The Nordwestblock (English: "North-West Block"), is a hypothetical cultural region, that several 20th century scholars propose as a prehistoric culture, thought to be roughly bounded by the rivers Meuse, Elbe, Somme and Oise (the present-day Netherlands, Belgium, northern France and western Germany) and possibly the eastern part of England during the Bronze and Iron Ages (3rd to 1st millennia BC, up to the gradual onset of historical sources from the 1st century).

The theory was first proposed in 1962 by Rolf Hachmann, an historian, Georg Kossack, an archeologist, and Hans Kuhn, a linguist.[1] They continued the work of the Belgian linguist Maurits Gysseling, who got his inspiration from the Belgian archeologist Siegfried De Laet. Gysseling's original proposal included research that another language may have existed somewhere in between Germanic and Celtic in the Belgian (sic) region.[2]

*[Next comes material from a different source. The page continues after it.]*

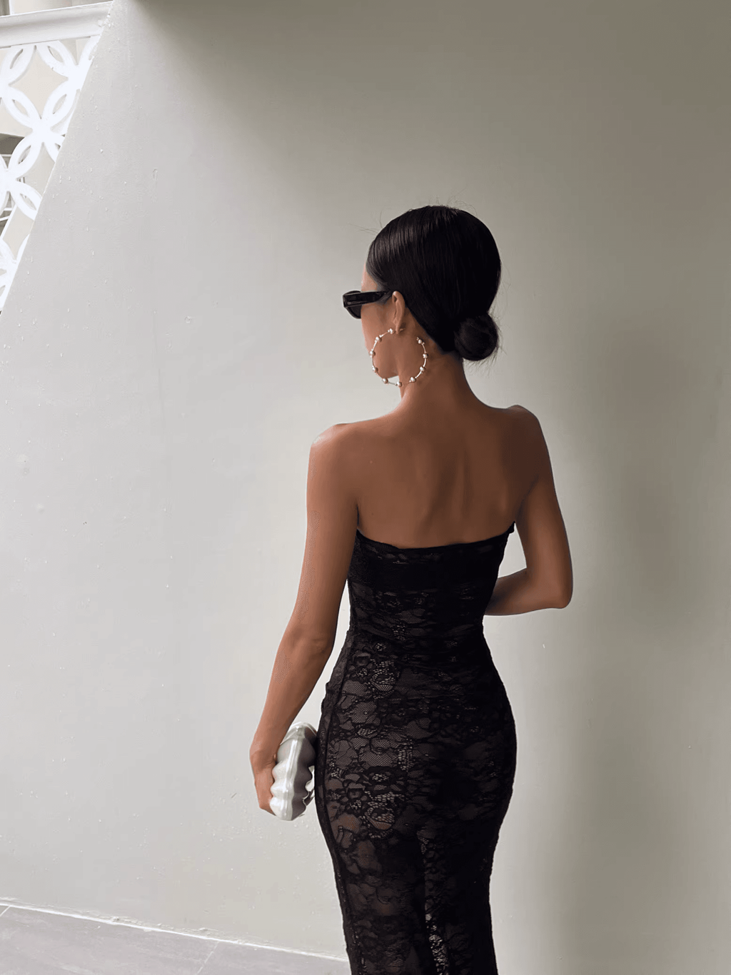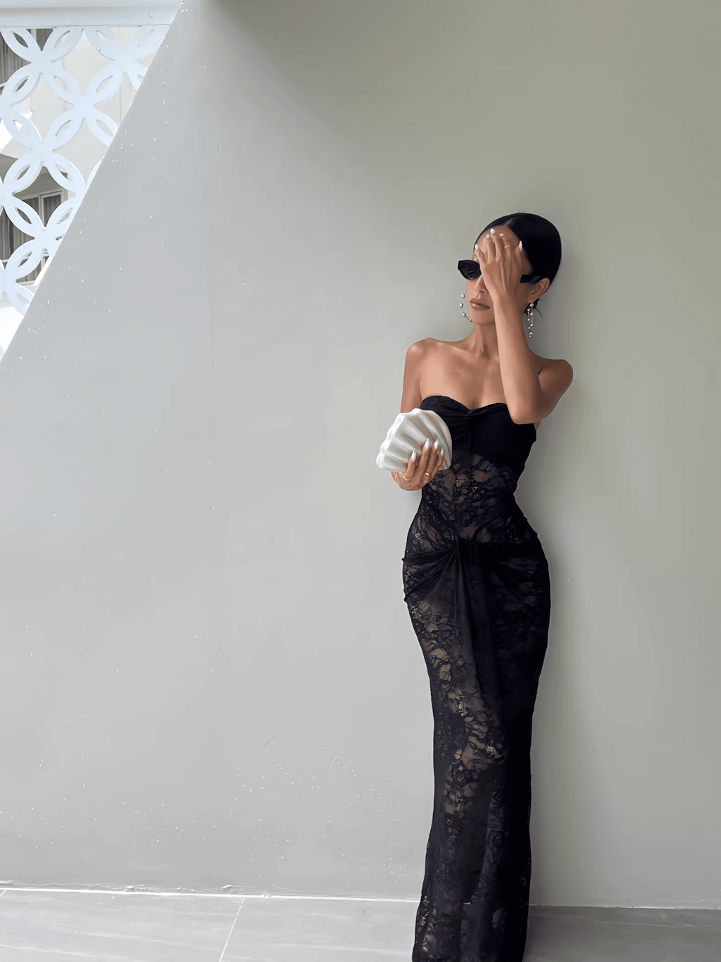 MESH LACE BARDOT BEACHY MAXI DRESS

The term itself Nordwestblock was coined by the German linguist, Hans Kuhn,[3] who considered the inhabitants of this area neither Germanic nor Celtic, thus attributing to the people a distinct ethnicity or culture. According to Kuhn and his followers, the region was Germanised from the beginning of the Common Era, at the latest.


Language hypotheses

The expansion of the Germanic tribes 750 BC – AD 1 (after the Penguin Atlas of World History 1988):
   Settlements before 750 BC
   New settlements by 500 BC
   New settlements by 250 BC
   New settlements by AD 1

Concerning the language spoken by the Iron Age Nordwestblock population, Kuhn speculated on linguistic affinity to the Venetic language, other hypotheses connect the Northwestblock with the Raetic ("Tyrsenian") or generic Centum Indo-European (Illyrian, "Old European"). Gysseling suspected an intermediate Belgian language between Germanic and Celtic, that might have been affiliated to Italic. According to Luc van Durme, a Belgian linguist, toponymic evidence to a former Celtic presence in the Low Countries is near to utterly absent.[4] Kuhn noted that since Proto-Indo-European (PIE) /b/ was very rare, and since this PIE /b/, via Grimm's law, is the only source of regularly inherited /p/'s in words in Germanic languages, the many words with /p/'s which do occur must have some other language as source. Similarly, in Celtic, PIE /p/ disappeared and in regularly inherited words only reappeared in p-Celtic languages as a result of the rule that PIE *kʷ became proto-Celtic *p. All this taken together means that any word in p- in a Germanic language which is not evidently borrowed from either Latin or a p-Celtic language must be a loan, and these words Kuhn ascribes to the Nordwestblock language.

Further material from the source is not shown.